TANGSEL, GoBanten.com -Pemerintah Kota Tangerang Selatan mulai kembali melakukan pengangkutan sampah yang sempat menumpuk di sejumlah ruas jalan dan fasilitas umum selama sepekan terakhir. Langkah ini dilakukan seiring upaya penataan Tempat Pembuangan Akhir (TPA) Cipeucang yang sebelumnya mengalami berbagai kendala pengelolaan.

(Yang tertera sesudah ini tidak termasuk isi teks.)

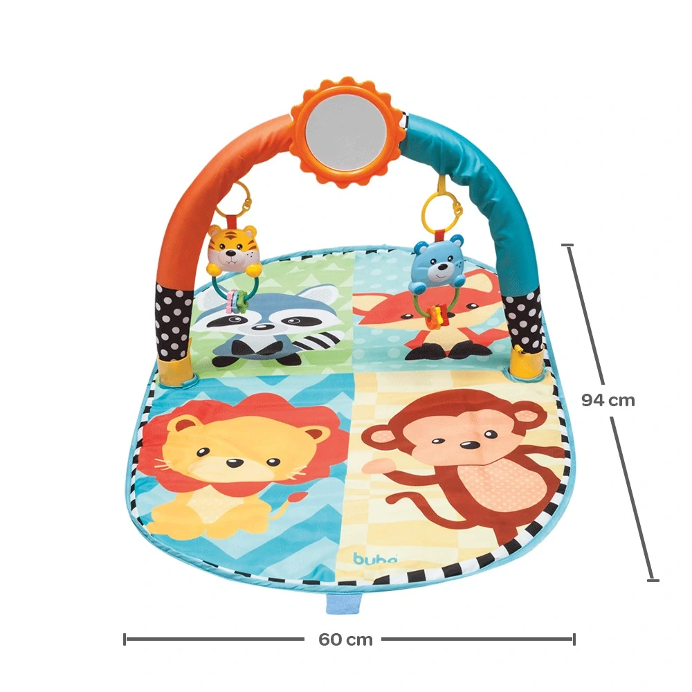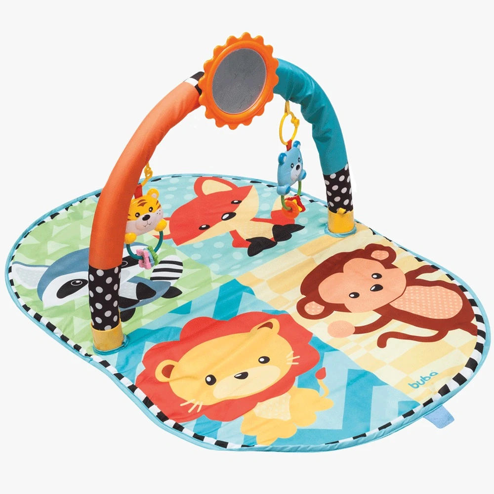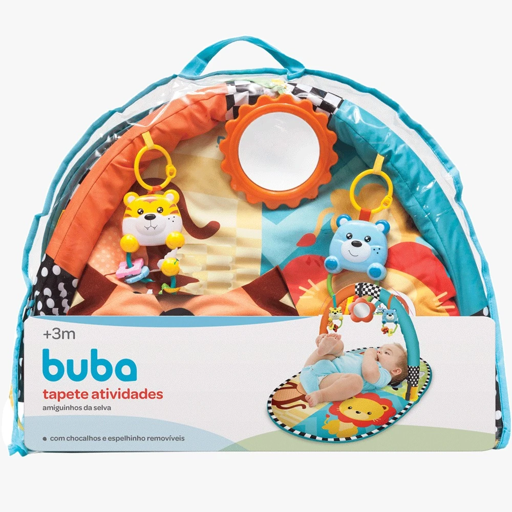 O tapete de atividades Amiguinhos da Selva entretém e estimula o bebê em seus primeiros meses de vida. Superconfortável, com personagens divertidos e cores vibrantes, é ideial para que os pequenos possam desenvolver seus sentidos e realizar as primeiras explorações de mundo. Possui brinquedinhos posicionados na altura ideal para o toque e espelhinho que incentiva a autodescoberta.

Wakil Wali Kota Tangerang Selatan Pilar Saga Ichsan mengatakan, proses pengangkutan sampah sudah kembali berjalan sembari pemerintah daerah menyiapkan solusi jangka pendek untuk memastikan layanan kebersihan tetap berlangsung.
“Saat ini sampah sudah mulai kita angkut kembali. Kita cari solusinya sambil terus melakukan penataan di TPA Cipeucang,” ujar Pilar Saga Ichsan di Gedung Wali Kota Tangerang Selatan, Serua, Ciputat, Senin (15/12/2025).
Untuk sementara waktu, sampah yang diangkut dialihkan ke sejumlah Tempat Pengolahan Sampah Reduce, Reuse, dan Recycle (TPS3R) guna dilakukan pengolahan sementara. Pilar menyebutkan, terdapat sekitar 30 TPS3R yang akan dioptimalkan selama proses penataan TPA Cipeucang berlangsung.
Namun, ia belum merinci lokasi TPS3R tersebut karena data teknis berada di Dinas Lingkungan Hidup (DLH) Kota Tangerang Selatan. Meski demikian, Pilar menegaskan tidak akan ada pembuangan sampah ke lokasi yang tidak semestinya.
“Kita tidak mungkin dari DLH membuang sampah ke lahan-lahan kosong atau pinggir jalan. Itu tidak boleh karena akan menimbulkan permasalahan baru,” tegasnya.
Sebelumnya, penumpukan sampah terjadi di sejumlah titik di Kota Tangerang Selatan, antara lain di kolong flyover Ciputat dan sekitar Puskesmas Serpong 1. Tumpukan sampah yang berlangsung sekitar satu pekan tersebut menimbulkan bau tak sedap dan mengganggu aktivitas warga.
Pemerintah Kota Tangerang Selatan mengatakan akan terus mempercepat penataan sistem pengelolaan sampah agar permasalahan serupa tidak kembali terjadi di kemudian hari.